No pictures in the copy. Write out the listing below exactly.
(SUPPLIED MATERIAL Opens)
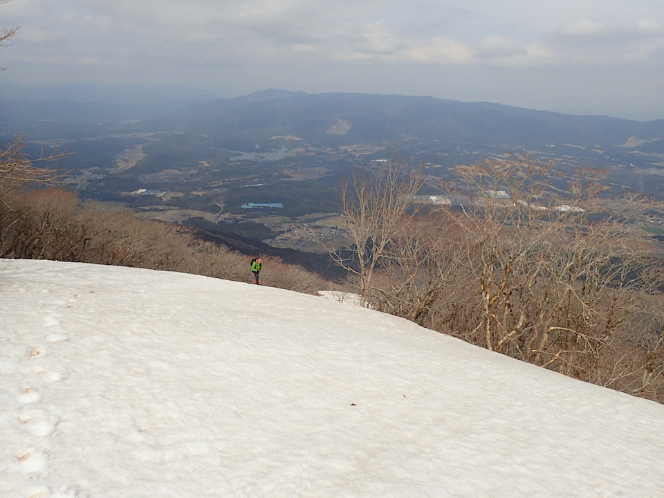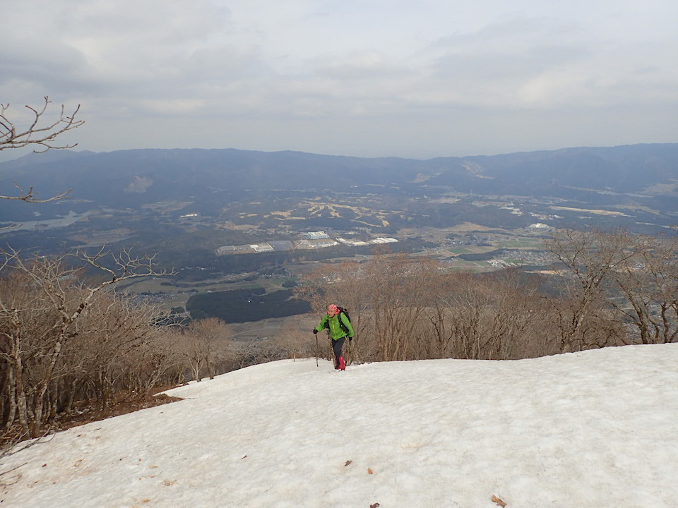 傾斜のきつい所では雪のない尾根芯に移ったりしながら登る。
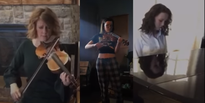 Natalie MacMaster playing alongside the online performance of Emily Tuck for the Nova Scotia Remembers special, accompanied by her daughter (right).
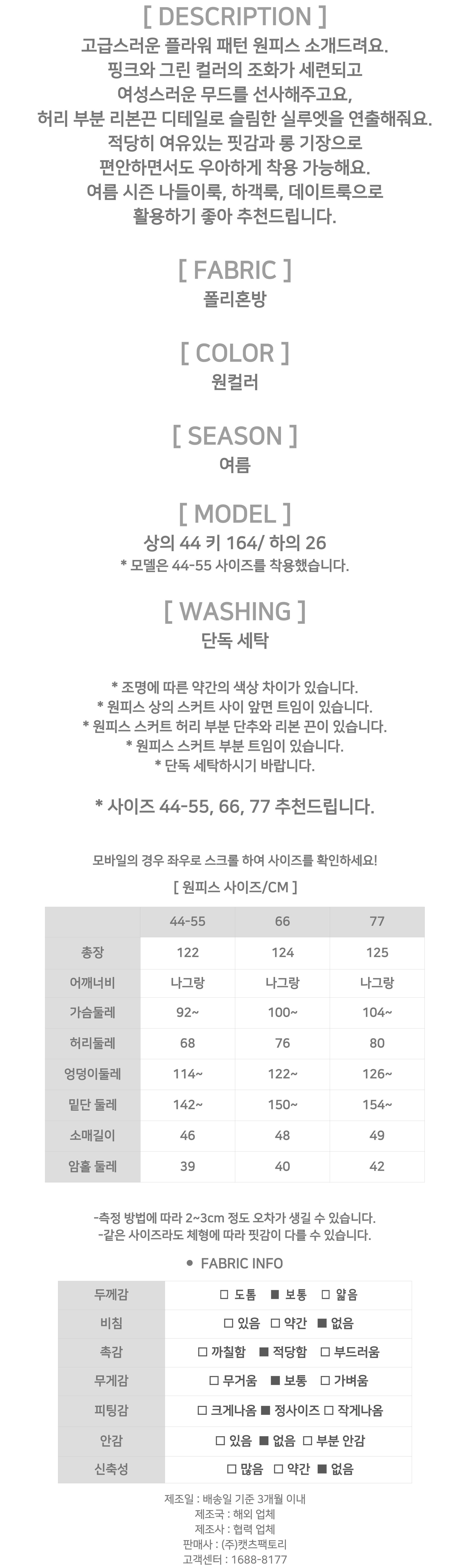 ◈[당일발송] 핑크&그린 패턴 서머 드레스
(SUPPLIED MATERIAL Closes)
--- SOLUTION FOR THIS TASK ---
 傾斜のきつい所では雪のない尾根芯に移ったりしながら登る。
 Natalie MacMaster playing alongside the online performance of Emily Tuck for the Nova Scotia Remembers special, accompanied by her daughter (right).
 ◈[당일발송] 핑크&그린 패턴 서머 드레스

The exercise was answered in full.